Spawn a child per trial

Each trial gets its own iteration with parent_iteration_id pointing at the driver. The service layer validates that the parent exists and belongs to the same experiment — a cross-experiment parent returns DearDiary.Unprocessable so a misconfigured sweep cannot produce orphaned children.

julia> trial_ids = Int64[];
julia> for depth in 2:5
           trial_id, _ = create_iteration(experiment_id; parent_iteration_id=driver_id)
           create_parameter(trial_id, "max_depth", depth)
           create_metric(trial_id, "accuracy", 0.90 + 0.01 * depth)
           push!(trial_ids, trial_id)
       end
julia> trial_ids4-element Vector{Int64}:
 2
 3
 4
 5

Auto-finalised trials with `with_iteration`

Real sweeps don't always succeed — a malformed configuration or an out-of-memory error takes the trial down. The DearDiary.with_iteration helper opens a fresh child iteration, runs the body, and marks the row DearDiary.SUCCEEDED on a clean return or DearDiary.FAILED with the captured exception text in error_message on an exception (then rethrows so the caller still sees it):

julia> succeeded_id = DearDiary.with_iteration(experiment_id; parent_iteration_id=driver_id) do iter
           create_parameter(iter.id, "max_depth", 6)
           create_metric(iter.id, "accuracy", 0.972)
           iter.id
       end;

julia> succeeded = get_iteration(succeeded_id);
julia> (succeeded.status_id == (DearDiary.SUCCEEDED |> Integer), succeeded.error_message)(true, "")

A trial that throws is captured the same way — the exception body is preserved on the row:

failed_id = Ref{Int64}(0)
try
    DearDiary.with_iteration(experiment_id; parent_iteration_id=driver_id) do iter
        failed_id[] = iter.id
        error("OutOfMemoryError: max_depth=12 blew the heap")
    end
catch
    # The driver swallowed the exception so the rest of the sweep can carry on.
end

julia> failed = get_iteration(failed_id[]);
julia> (failed.status_id == (DearDiary.FAILED |> Integer), failed.error_message)(true, "OutOfMemoryError: max_depth=12 blew the heap")

Walking the tree

get_child_iterations returns the direct children of a parent ordered by id ascending.

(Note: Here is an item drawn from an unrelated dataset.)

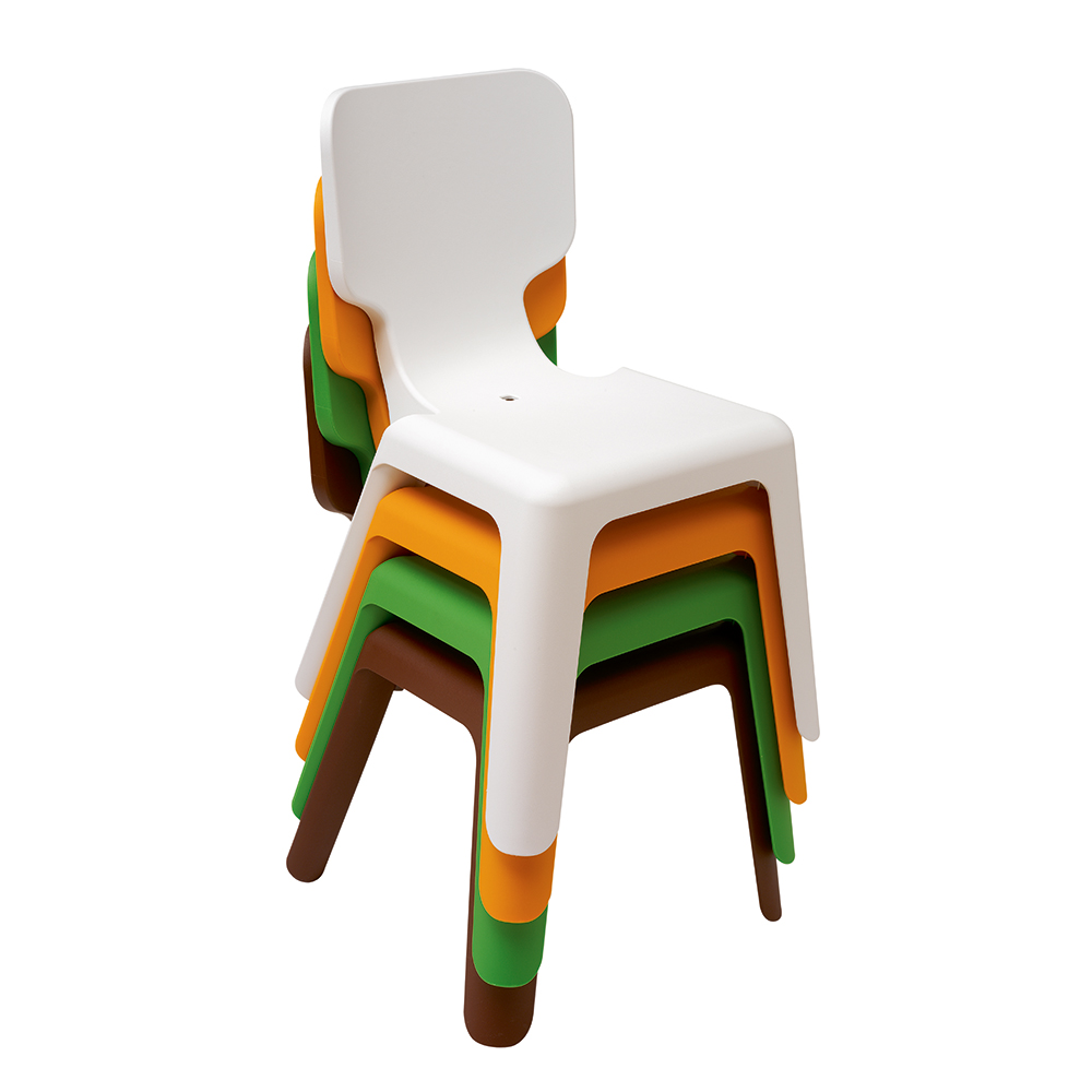 A light, stackable children’s chair with a unique seatback. The back is decorated with branches, leaves and even little birds here and there.
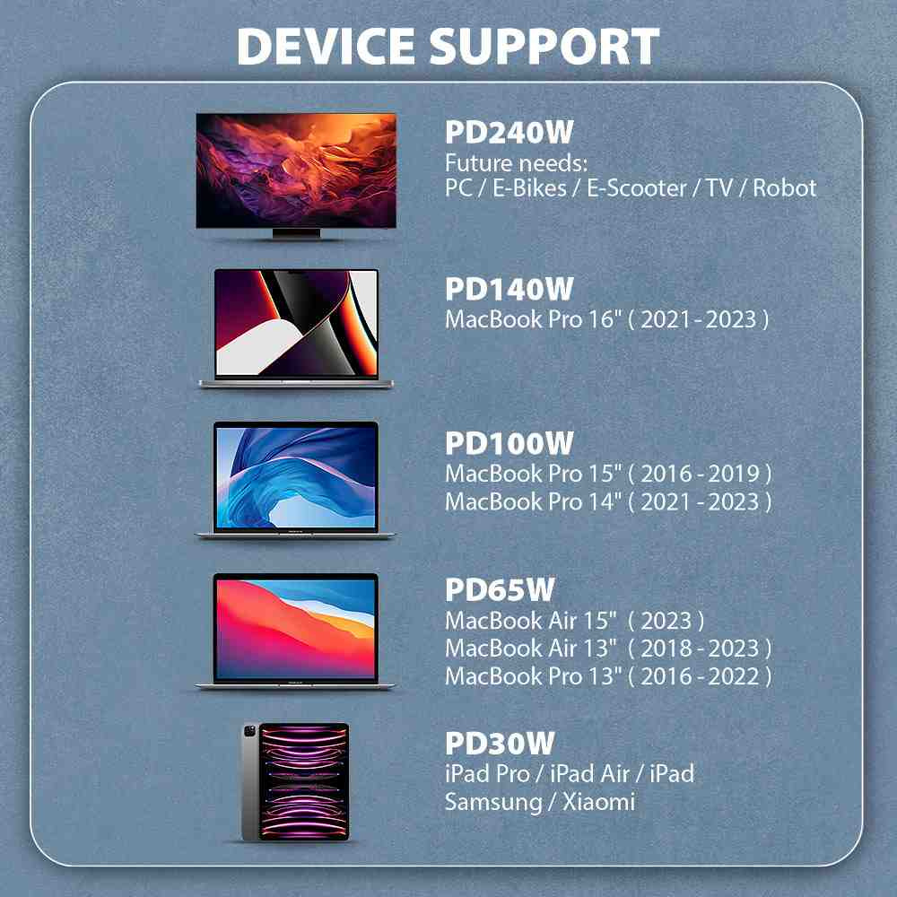 Kabel má implementovánu nejnovější specifikaci nabíjecí technologie Power Delivery 3.1. Tato technologie přináší mimo jiné výkon 240W což je více než dvojnásobek oproti Power delivery 3.0, která dosahuje výkonu 100W. Můžete tak využít nejen standardní rozsah výkonu (Standard Power Range - SPR) pro napětí 5, 9, 15 a 20V s proudem 5A, ale i dostatečný výkon v pevných napětí 28, 36 a 48V s maximálním proudem 5A (Extended Power Range - EPR). Kabel díky nové technologii PD 3.1 můžete využít i pro napájení zařízení s mnohem větším výkonem jako jsou herní notebooky, 8K monitory, dokovací stanice. Pro identifikaci kabelu a jeho proudových schopností má kabel integrován E-Mark čip.

Combining it with get_parameters and get_metrics is enough to surface the best trial of a sweep:

julia> children = get_child_iterations(driver_id);
julia> (children |> length)6

julia> best = argmax(c -> get_metrics(c.id)[1].value, filter(c -> c.status_id == (DearDiary.SUCCEEDED |> Integer), children));
julia> best_depth = get_parameters(best.id)[1].value"6"

Cascading deletes

Children are independent rows: deleting the parent does not delete its children. Instead the schema's foreign-key action sets each surviving child's parent_iteration_id to NULL, so they continue to exist as standalone iterations until they are explicitly removed. This preserves historical training results even when the driver run is pruned.

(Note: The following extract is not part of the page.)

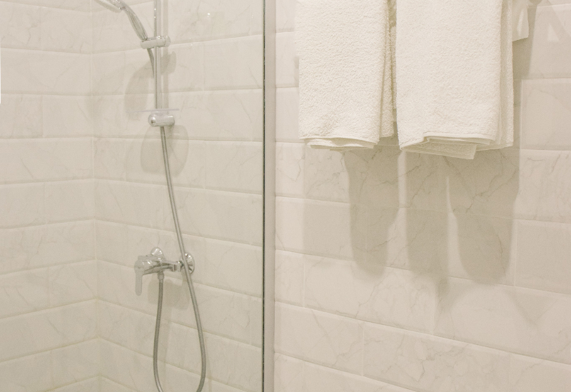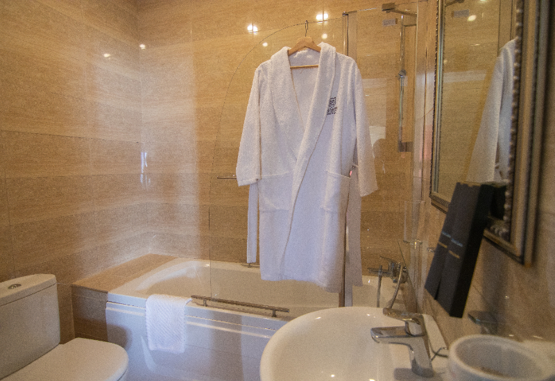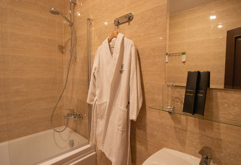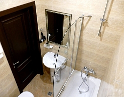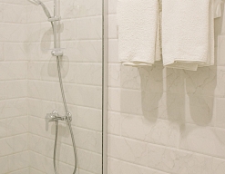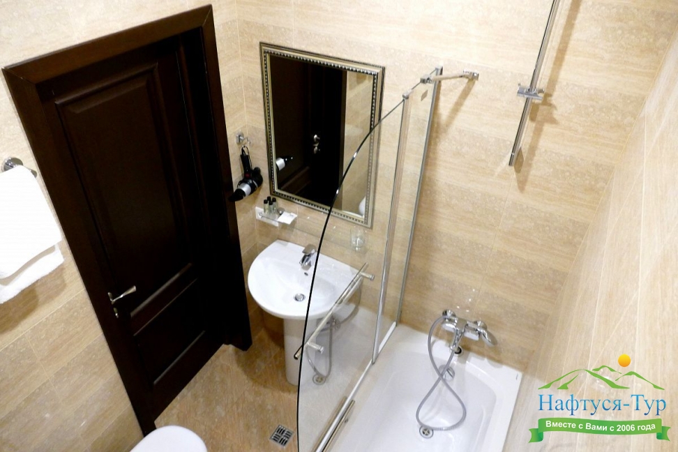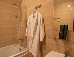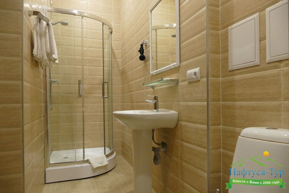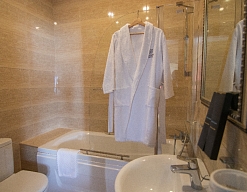 с ванной или душевой кабиной, туалетные принадлежности, фен

julia> delete_iteration(driver_id);
julia> get_iteration(succeeded_id).parent_iteration_id |> isnothingtrue

Distributed-worker pattern

The same parent_iteration_id knob handles distributed training: one driver iteration records the global run; each worker opens its own child iteration on connect, logs its own metrics, and is auto-finalised when its task exits. The driver tracks aggregate metrics; each worker tracks its slice.

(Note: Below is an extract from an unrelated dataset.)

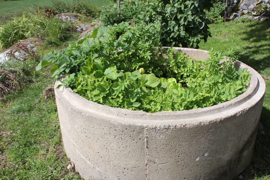 Upphöjda bäddar med kanter, som här en cementring, kan försvåra för sniglarna att nå grönsakerna. Genom att stryka vattenglas (natriumsilikat), sätta ett kopparband runt eller montera på en lutande kant av tex metall eller tyg hindras sniglarna ännu mer. Se bara till att de inte kan krypa in underifrån, för då har man skapat ett trevligt gömställe….

using DearDiary, Distributed

# In the driver process:
client = DearDiary.connect("http://127.0.0.1:9000"; username="default", password="default")
driver = DearDiary.with_iteration(client, experiment_id) do driver
    @sync for worker_rank in 1:8
        @async with_iteration(client, experiment_id; parent_iteration_id=driver.id) do iter
            create_parameter(client, iter.id, "worker_rank", worker_rank)
            train_partition!(client, iter, worker_rank)
        end
    end
    driver
end

The @async body runs with_iteration, so a worker that crashes records a DearDiary.FAILED row with the stack-trace text in error_message while the sibling workers and the driver itself keep going.